Note: I see that average_opponent_pre_rating is an
integer in the example given, however I kept it a double as I personally
think it’s helpful to see some decimals. To round it though, it would be
as simple as doing
tournament_final$average_opponent_pre_rating <- round(tournament_final$average_opponent_pre_rating).

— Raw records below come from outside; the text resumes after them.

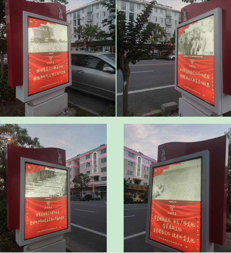 這些燈箱中,廣告燈箱的一面看到統(tǒng)一印制的建黨百年歷史的畫面外,在燈箱的另一面,除了印制江蘇農(nóng)墾統(tǒng)一的LG標(biāo)識和“不忘初心 繼續(xù)前行”“軍墾精神 薪火相傳”的細(xì)小字體外,還分別印有農(nóng)建四師將士在農(nóng)場“三大戰(zhàn)役”進(jìn)程中開墾建設(shè)的不同老照片附說明,印有不同風(fēng)格的軍墾傳統(tǒng)文化標(biāo)語,并在畫面外的框架上,安裝了鑲嵌在其上的軍墾傳統(tǒng)文化的標(biāo)志,濃郁的軍墾傳統(tǒng)文化在廣告燈箱中的完美組合,讓仍健在的老軍墾們甚是激動,說農(nóng)場黨委以這種方式宣傳弘揚(yáng)軍墾傳統(tǒng)文化,這是對他們建設(shè)農(nóng)場最好的肯定。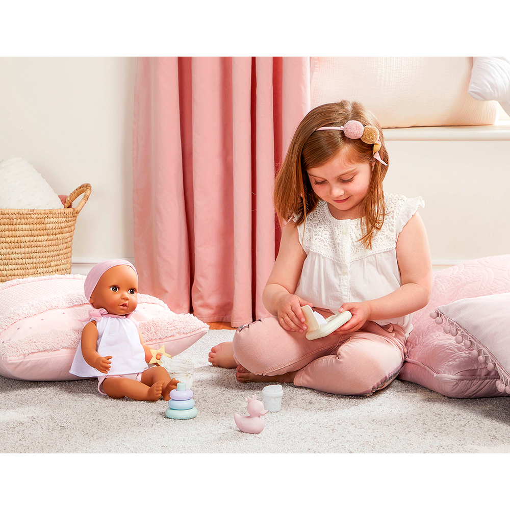 Little ones can get Babi doll ready for nap time with the adorable Lullababy care set,
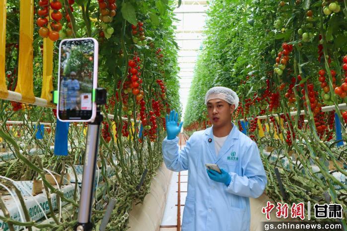 图为立足于“互联网+农业”,崆峒区企业紧抓电商发展机遇,将直播间搬到了生产一线。崆峒区融媒体中心供图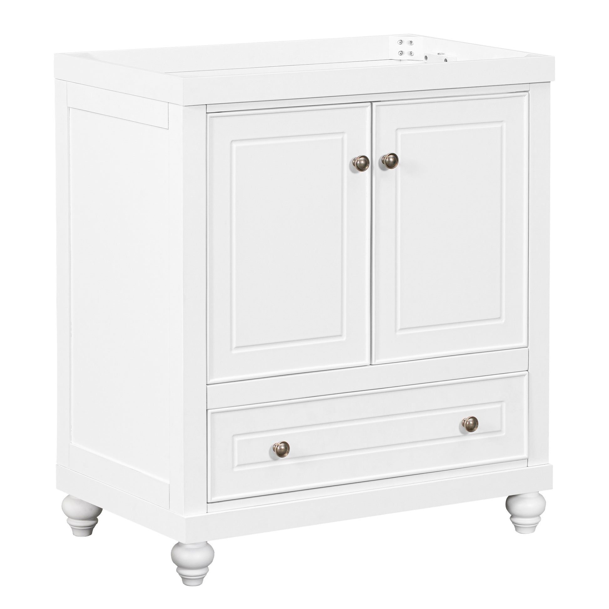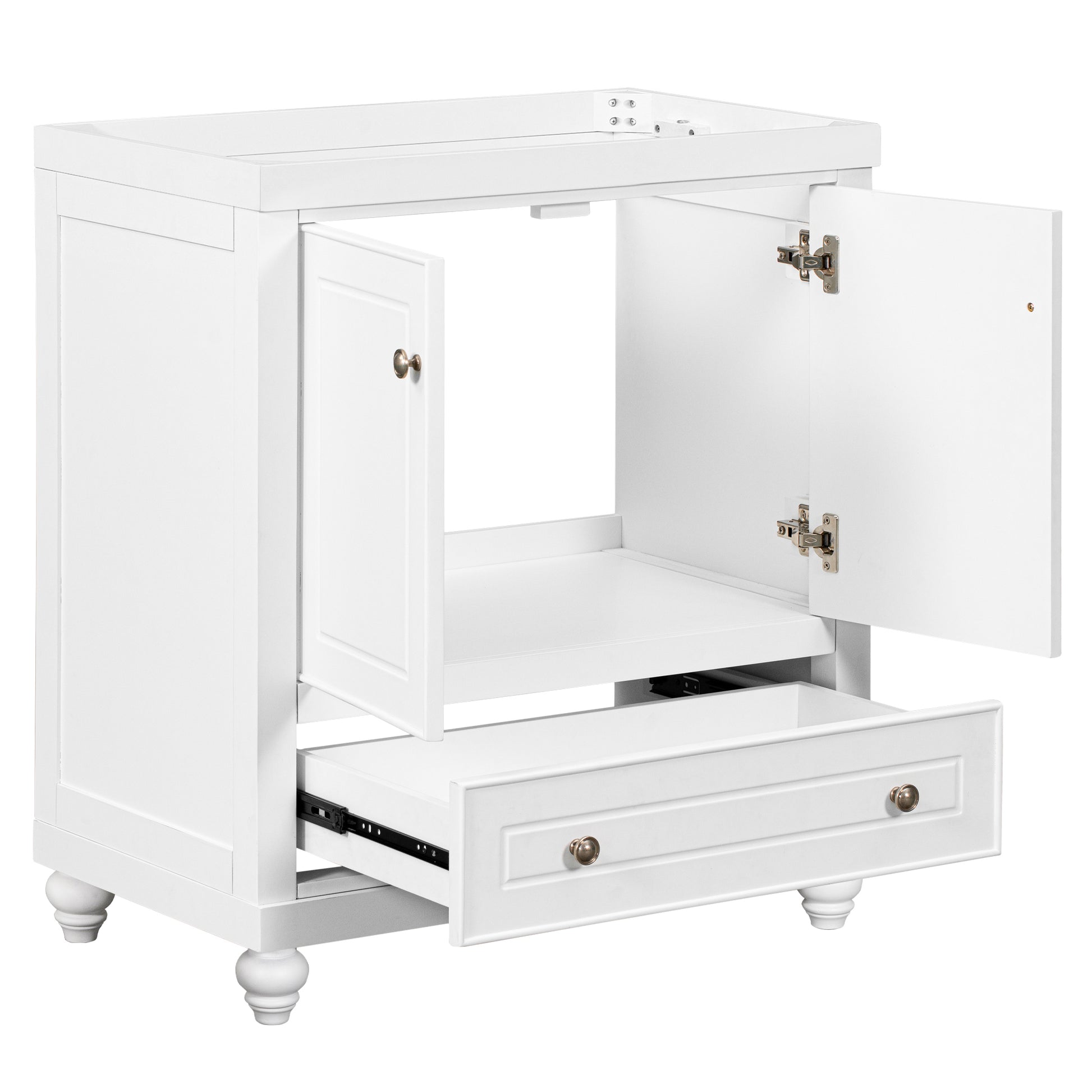 30" Bathroom Vanity Without Sink, Base Only, Cabinet With Doors And Drawer, Solid Frame And Mdf Board, White White Solid Wood Mdf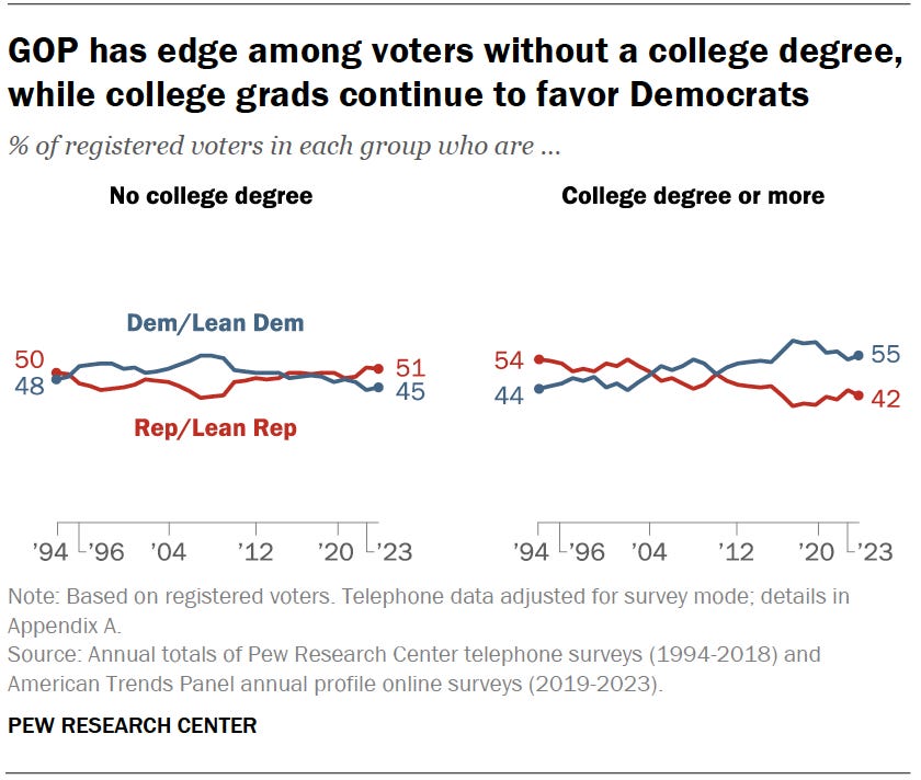 Identifying as a Democrat or Republican may depend on whether you have a college degree, or not. How might that drive public policy?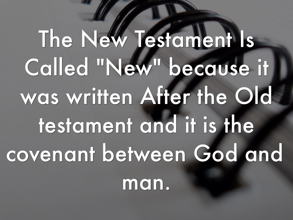 The New Testament Is Called "New" because it was written After the Old testament and it is the covenant between God and man.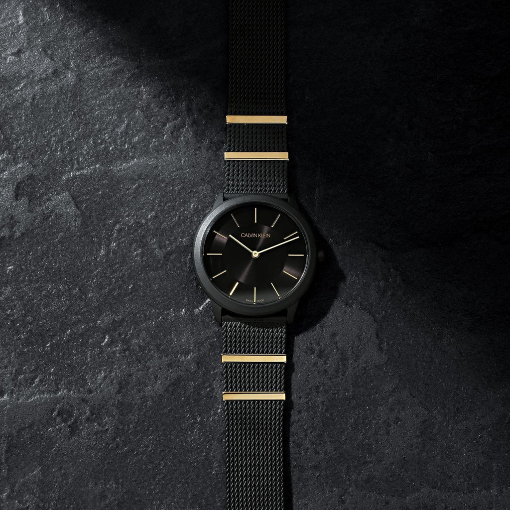 Calvin Klein Minimal Black Dial Black Steel Strap Watch For Men - K3M524Z1

This text file was definitely a little tricky to parse, but at the very least it was consistently formatted so it was able to end up in a data frame without too much work. With this file now, one could potentially set up a simple model to predict how many points a player is going to get with their pre-rating and the average pre-ratings of their opponents. It could also just generally be used to predict whether the player would win a match or not, as well as predict perhaps what their after-tournament rating is. These cleaning scripts could also be used again with a file formatted the same way if next year’s results come out in the same fashion too.